Konsantrasyonun Bilişsel Kökleri
Konsantrasyon denilince akla sadece belirli akademik beceri ve görevleri baştan sona amaca uygun yapıyor olmak gelmemeli. Konsantrasyon, yaşadığımız çevrenin her cephesinde devrede olan anlamlı etkileşimin göstergesidir. Aile ortamında otoriteyi dinlemek de bir konsantrasyon göstergesidir, günlük sorumluluklarımızı tam anlamıyla yerine getirmek de bir konsantrasyon göstergesidir.
Günümüzde zekanın entelektüel boyutuna fazlaca vurgu yapılması, tamamlayıcı ve asıl önemli olan duygusal zekanın lokomotif donanım olduğu gerçeğine gölge düşürmektedir. Duygusal bağ, aidiyet, anlam arayışı, araç-amaç uyumu, gerçeklik algısı, ortak ilgiyi sürdürme ve senkron gibi temel bilişsel işleyişlerin bütünüyle gelişmemiş olması, hayatın her alanında dikkat sorunlarını doğurmaktadır.
Sağlıklı kişilik gelişimi, otorite-çocuk arasındaki bağlanmanın gücü üzerine inşa edilir. Konsantrasyonun ilk kökleri de bu bağın işlevselliğine dayanır. Herhangi bir organik bozukluk yoksa ebeveyn-çocuk bağlanma ilişkisi gözden geçirilmelidir.
Çocuğun çevredeki nesne, canlı ve kişilerle kurduğu ilişkinin nitelikleri, bilişsel, duygusal ve ruhsal kültüre dair ışık tutacaktır.

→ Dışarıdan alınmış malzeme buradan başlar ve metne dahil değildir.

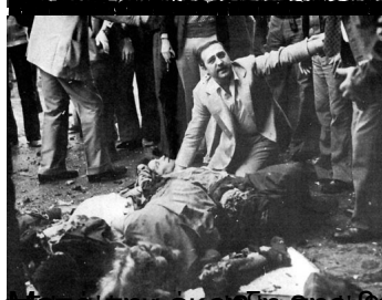
Επί της 6 Μαΐου 2015, στην Fani. Από τη Fani στην Fani και πολύ πιο μακριά - Σάββατο 9 Μαΐου 2015 (επανάρτηση)
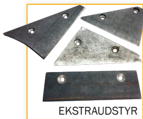
Løse blandeskovle, Hardox-stål Varenr. 200 024S
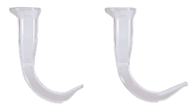
GVL 3 Stat
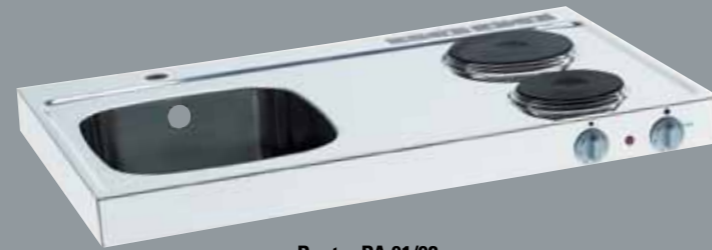
Pantry PA 91/92

Die Lieferung erfolgt inkl. Ab- und Überlaufgarnitur.
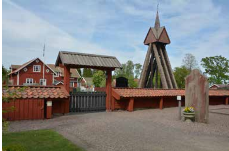
Klockstapeln och "stigluckan" före åtgärd.

sakristia från 1754, vars väggar är klädda med locklistpanel. Över korsmitten rider ett mindre torn med en kort spira. Samtliga takfall är täckta med tjärade spån.
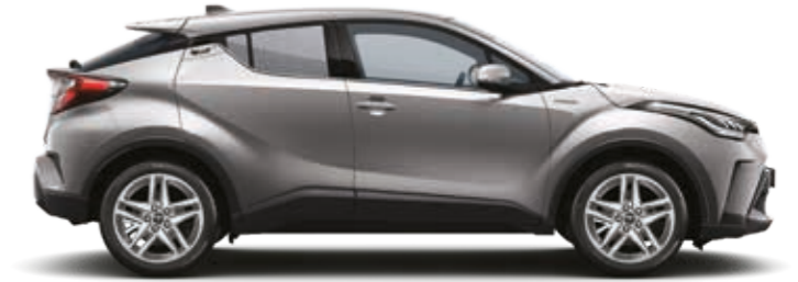
אפור מתכתי מטאלי 1A1

Etrafınızdakilerle anlamlı ve amacına uygun etkileşimlerde bulunmanın önündeki engellerin aşılması, çözümlerin bulunması ve sürecin yönetilmesi dikkatin konsantrasyona, konsantrasyonun sabra, sabrın ise misyona dönüştüğü bir gelişimi içine alır.